(Problem to solve): Exactly the lines below from the line with "ゆる~く、かわいい、うさぎ(うさひな)の" through the line with "从游戏核心的提炼,到外围系统的细节追求,《QQ飞车》现有的成绩就是最好的体现! 3、 《恋与制作人》" must make up the answer, both ends included and pictures left out.

(Source information):

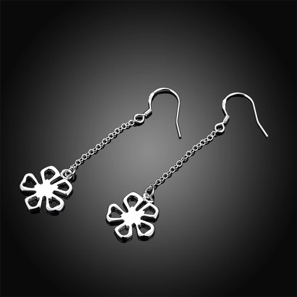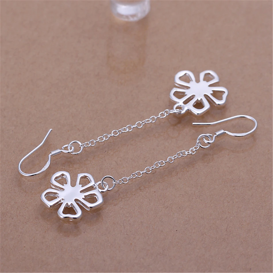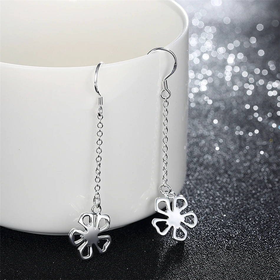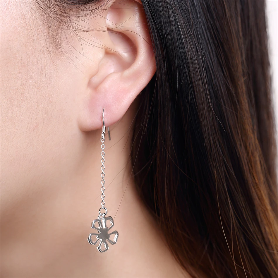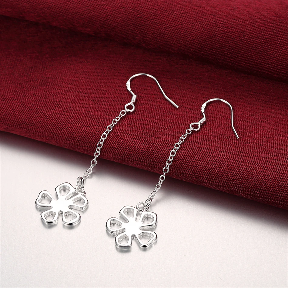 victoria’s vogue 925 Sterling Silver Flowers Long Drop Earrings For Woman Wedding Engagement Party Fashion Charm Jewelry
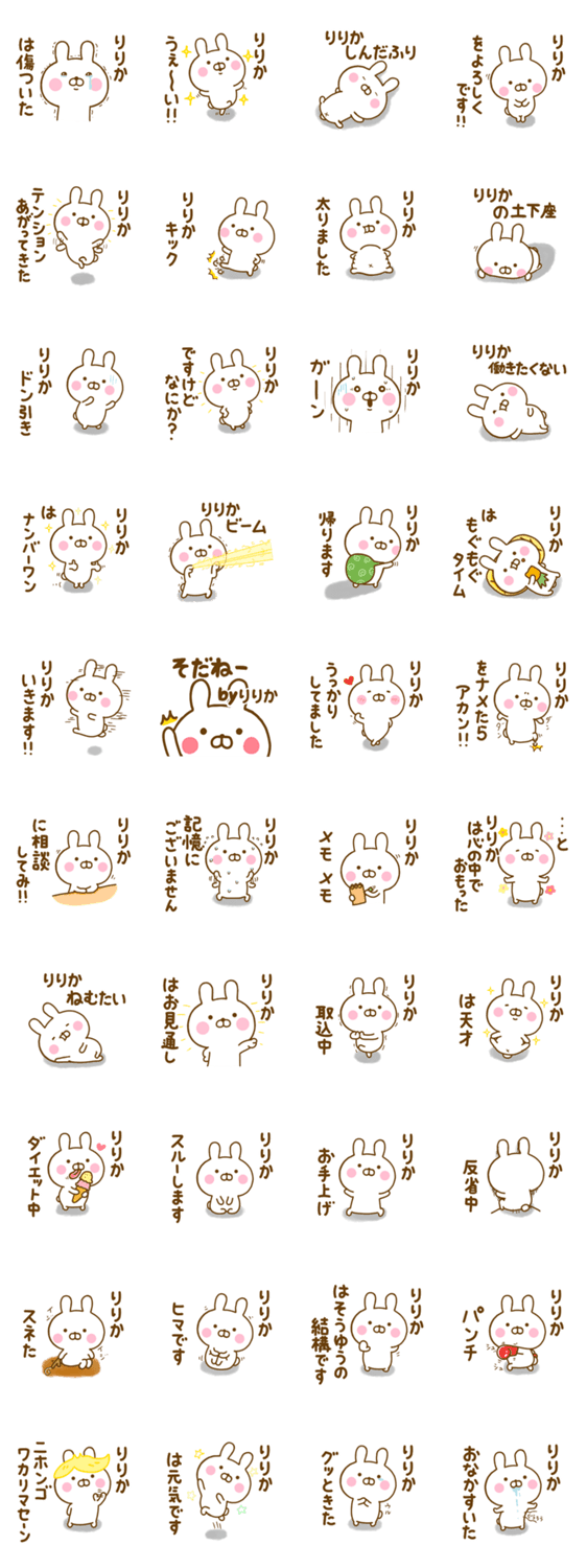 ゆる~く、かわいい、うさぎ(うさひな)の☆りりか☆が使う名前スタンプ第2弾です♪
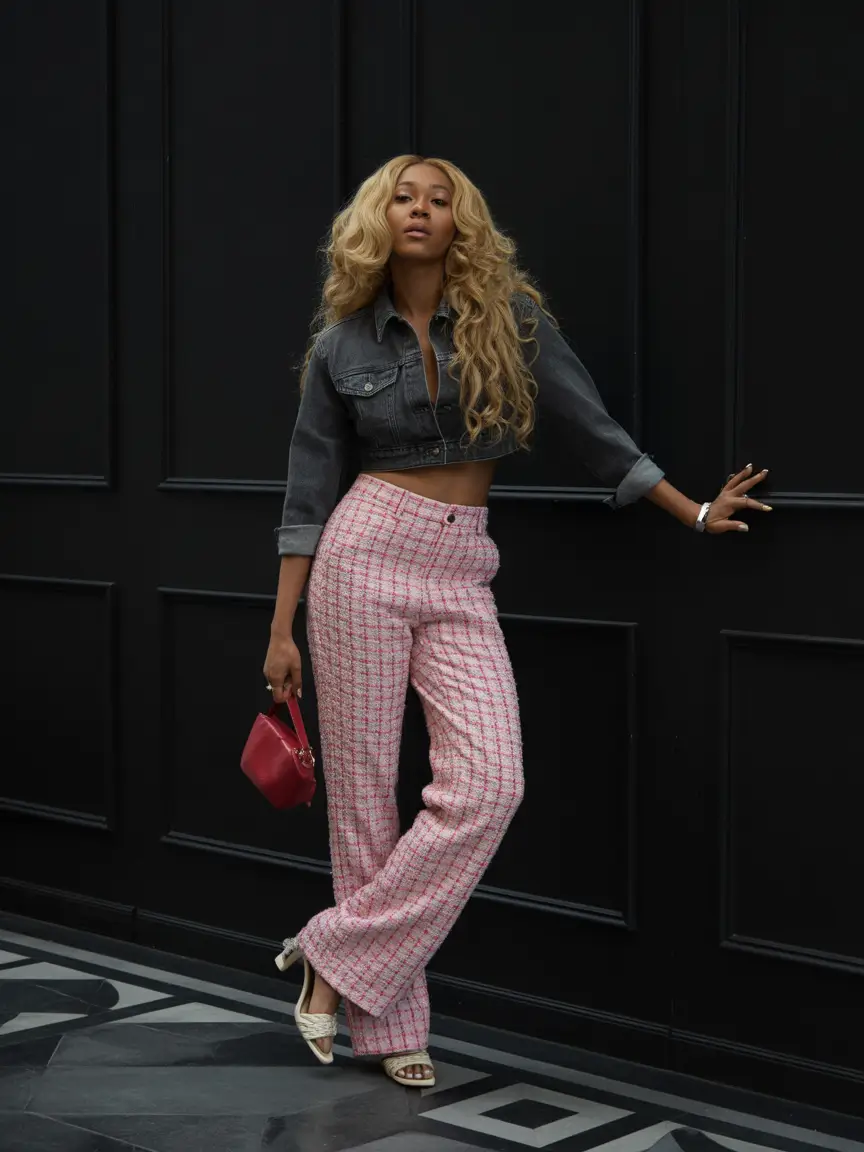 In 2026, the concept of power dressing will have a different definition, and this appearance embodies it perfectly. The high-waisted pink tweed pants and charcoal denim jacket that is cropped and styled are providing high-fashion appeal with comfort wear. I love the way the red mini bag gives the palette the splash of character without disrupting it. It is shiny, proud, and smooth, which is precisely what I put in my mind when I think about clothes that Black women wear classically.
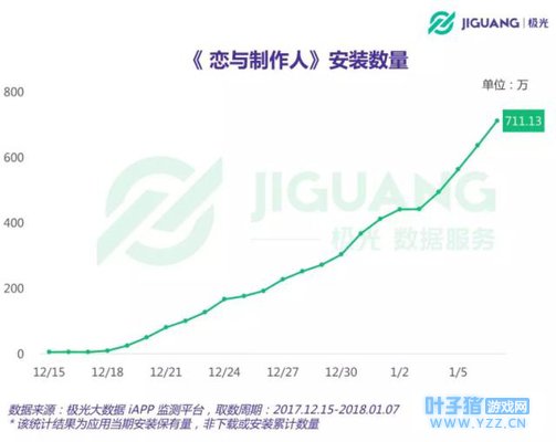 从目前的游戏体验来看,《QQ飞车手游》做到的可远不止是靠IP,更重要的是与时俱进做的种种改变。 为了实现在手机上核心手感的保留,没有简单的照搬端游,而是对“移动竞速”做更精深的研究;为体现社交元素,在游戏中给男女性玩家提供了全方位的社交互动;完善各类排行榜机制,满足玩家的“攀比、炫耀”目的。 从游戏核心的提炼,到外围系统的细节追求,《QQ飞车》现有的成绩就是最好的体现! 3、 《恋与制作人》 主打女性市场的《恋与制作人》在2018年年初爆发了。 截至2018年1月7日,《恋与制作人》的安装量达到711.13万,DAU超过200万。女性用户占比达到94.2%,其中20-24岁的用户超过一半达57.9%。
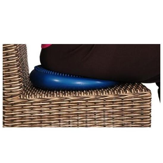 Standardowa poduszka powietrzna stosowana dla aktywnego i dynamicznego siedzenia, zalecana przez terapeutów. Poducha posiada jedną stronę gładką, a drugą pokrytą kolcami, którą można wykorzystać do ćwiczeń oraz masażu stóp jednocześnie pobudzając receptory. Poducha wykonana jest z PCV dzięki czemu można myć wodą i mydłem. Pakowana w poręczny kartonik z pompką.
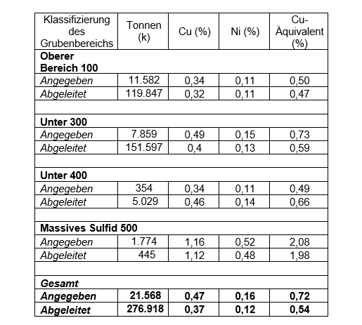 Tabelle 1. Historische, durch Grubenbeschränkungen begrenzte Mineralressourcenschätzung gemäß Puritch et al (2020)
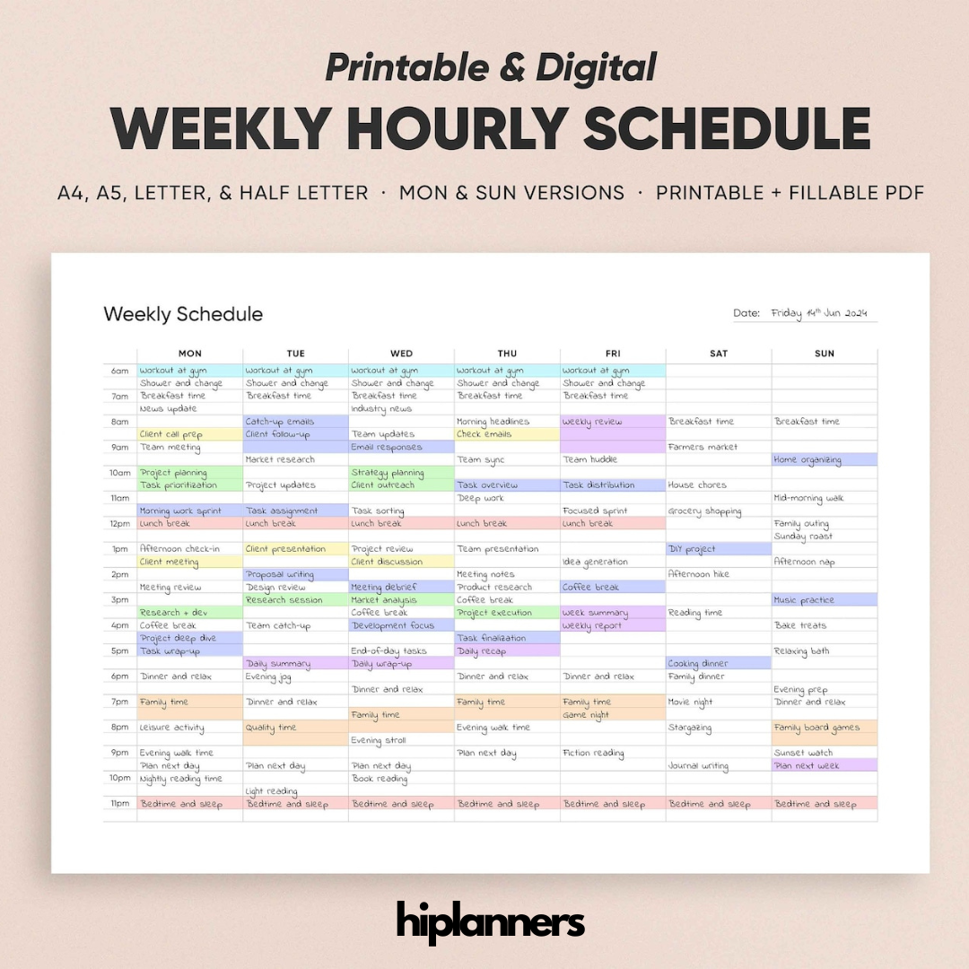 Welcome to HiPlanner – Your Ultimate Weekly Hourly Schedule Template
* * *
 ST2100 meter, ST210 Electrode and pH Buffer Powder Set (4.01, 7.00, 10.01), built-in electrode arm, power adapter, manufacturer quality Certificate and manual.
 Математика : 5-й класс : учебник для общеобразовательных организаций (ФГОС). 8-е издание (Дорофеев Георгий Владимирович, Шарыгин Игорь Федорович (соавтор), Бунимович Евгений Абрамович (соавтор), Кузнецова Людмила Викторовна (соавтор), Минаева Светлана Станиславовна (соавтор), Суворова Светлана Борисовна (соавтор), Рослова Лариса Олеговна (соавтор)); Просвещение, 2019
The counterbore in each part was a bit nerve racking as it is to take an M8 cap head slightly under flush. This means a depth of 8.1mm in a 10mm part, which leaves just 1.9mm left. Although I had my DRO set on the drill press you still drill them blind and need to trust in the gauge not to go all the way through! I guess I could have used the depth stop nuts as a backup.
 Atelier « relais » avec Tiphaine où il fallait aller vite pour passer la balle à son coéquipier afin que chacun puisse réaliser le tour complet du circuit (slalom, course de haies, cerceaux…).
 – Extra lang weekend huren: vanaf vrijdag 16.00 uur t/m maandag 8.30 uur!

(Expected answer):
 ゆる~く、かわいい、うさぎ(うさひな)の☆りりか☆が使う名前スタンプ第2弾です♪
 In 2026, the concept of power dressing will have a different definition, and this appearance embodies it perfectly. The high-waisted pink tweed pants and charcoal denim jacket that is cropped and styled are providing high-fashion appeal with comfort wear. I love the way the red mini bag gives the palette the splash of character without disrupting it. It is shiny, proud, and smooth, which is precisely what I put in my mind when I think about clothes that Black women wear classically.
 从目前的游戏体验来看,《QQ飞车手游》做到的可远不止是靠IP,更重要的是与时俱进做的种种改变。 为了实现在手机上核心手感的保留,没有简单的照搬端游,而是对“移动竞速”做更精深的研究;为体现社交元素,在游戏中给男女性玩家提供了全方位的社交互动;完善各类排行榜机制,满足玩家的“攀比、炫耀”目的。 从游戏核心的提炼,到外围系统的细节追求,《QQ飞车》现有的成绩就是最好的体现! 3、 《恋与制作人》 主打女性市场的《恋与制作人》在2018年年初爆发了。 截至2018年1月7日,《恋与制作人》的安装量达到711.13万,DAU超过200万。女性用户占比达到94.2%,其中20-24岁的用户超过一半达57.9%。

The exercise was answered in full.